With vines grown on a mix of alluvial soils and decomposed granite soils, the grapes produce a sleek, crystalline, elegant style of Stellenbosch Cabernet Sauvignon that the Mullineuxs admit has a certain Swartland tilt to the approach and style. Using French oak 500 litres barrels of which only around 30% are new, the wines are aged for 12 months before being moved to larger 2000 and 5000 litre upright oak vats for another year of aging. The wine spends a final six months in bottle prior to release.

Leeu Passant Stellenbosch Cabernet Sauvignon 2018, WO Stellenbosch, 14% Abv.

These cooler sites for Cabernet Sauvignon definitely perform well in this new release for the Leeu Passant red repertoire. The nose is magnificently perfumed, complex and utterly compelling, teasing the senses with violets and cherry blossom, lavender, pithy red cherry, sour black plums, black currant and a deep dark vein of spicy graphite minerality with just the slightest veneer of dried cedar and tarragon herbal spice. The palate texture is harmonious, tender, lightly saline and utterly seductive, displaying a fleshy medium bodied weight with bright fresh tart black berry acids, creamy milk chocolate tannins and a spicy crystalline blueberry fruited finish that is positively loaded with invigorating energy. Like the other two new releases, I obediently drank this bottle over three nights and while the majority of my score was cemented within the first few sips on day one, the expressive and energetic nature of this wine really did start to show with further air, confirming my complete adoration for this wine. This surely has got to be one of the most exciting ‘new’ pure expressions of Cabernet Sauvignon to come out of Stellenbosch in recent years? Drink now and over the next 20+ years.

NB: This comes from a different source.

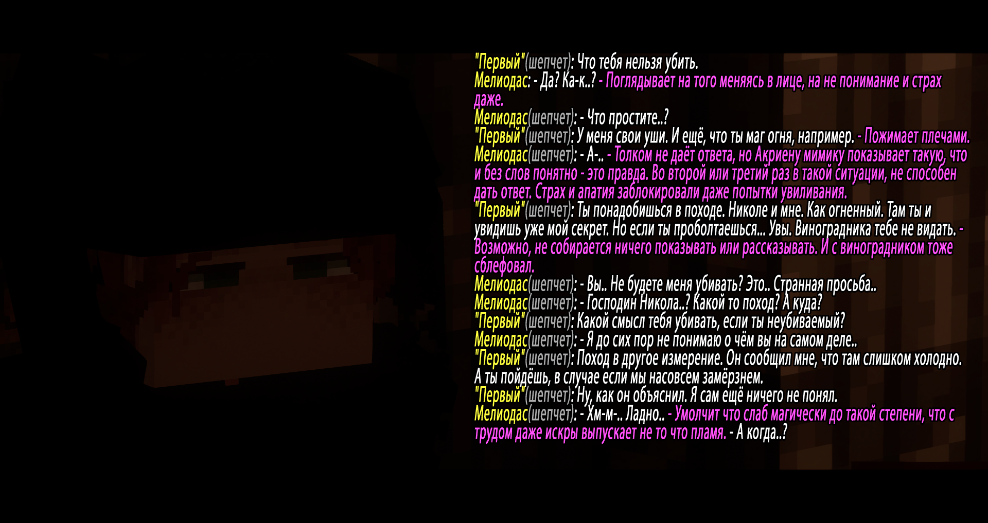Вообще жизнь в Пределе не показалась Меолидасу такой сложной? Во всяком случае потому, что здесь было очень и очень мало личностей и по правде сказать.. НУ ПРОСТО РАДОВАЛСЯ ОН ЭТОМУ, что он тут почти всегда единственный житель и пользуется дарами этих земель почти минимально, но не использует то, что даровалоась умами людей и этапами эволюций и улучшения, сохраняет девственность Предела. Правда, были моменты какие то где всё таки он был не единственным. Изученный вдоль и поперёк Предел открыл для него понятие что есть тут ещё свинолюды и некие пустынные жители. Которым и тем и тем в случае чего пакостил, то есть если видел то, что видел в тех или иных действах и внешних факторах корень зла со стороны своей идеологии и мировоззрения. Итак шло на протяжении семи восьми лет и да, буквально всё то он делал это жил, рос, справлялся сам как то и сохранял Предел девственно чистым от рук технологий и развития людей и нелюдей. Оставлял там не тронутыми тех кто жил с точки его идей прям как надо но всё равно следил и если по его мнение они переходили эти границы то устраивал поджоги, топил своими силами которых всё ещё боялся но решил использовать всё таки во благо своей идеи какие то важные места для развития и прочее, прочее, прочее. И пожалуй главный момент когда парень уже как бы дожил до настоящего момента, он решил что показывать себя буквально как ребёнка незнающего нежели напрямую нести свою мысль, будет в разы лучше оставаясь в тени эдакий Ночной Защитник Предела от рук людских, ведь этого всё равно никто не поймёт а идеалистов по уму разуму найдёт как-нибудь со временем, да и кажется совсем скоро.. А почему скоро? Да потому что активность колонистов в Пределе очень возросла и теперь надо хотя бы выйти в общество новое населяющее его новый дом да поглядеть что и кто вообще и где и как и куда и зачем и почему. Ну и на последок упоминание что хоть и частые ссоры семейные были, но Мелиодас не чёрствый кусок ублюдка и ночами плачет, грустит и лелеит моменты жизни с матерью и отцом но сделать, увы, с этим ничего уже не может.

(Wine Safari Score: 95/100 Greg Sherwood MW)

Andrea Mullineux – The Latest Cape Winemakers Guild Superstar…

The Cape Wine Makers Guild represents innovation, benchmarking and the sharing of knowledge spanning over thirty three years of winemaking excellence. The Guild, an association of some of South Africa’s finest winemakers, has evolved into a body of 49 members who jointly represent the pinnacle of South African winemaking.

So of course, when I recently hooked up with Chris and Andrea Mullineux at their Roundstone farm, no prizes for guessing which unicorn bottle I liberated out of their cellar!!🍷

Cape Winemakers Guild Andrea Mullineux Leeu Passant Old Vine Cinsault 2015, WO Franschhoek, 13.5 Abv. 

A beautiful expression from this 91 year old vineyard in Franschhoek. Andrea affords this grand old vineyard its due respect handling the fruit in a more serious crushed berry whole bunch style instead of a whole bunch carbonique style. Broad and texturally very complex, the wine unfurls in layers of sweet cherry, Turkish delight, marzipan and sappy oak spice. Full and distinguished, this medium bodied wine is an expertly crafted, supremely elegant version of Cinsault that turns a touch more serious and tannic on the firm, focused finish. Superb poise, impressive refinement and very precise and self assured. What else would you expect from Andrea Mullineux? Give it a year or 5 in bottle and drink over 20+.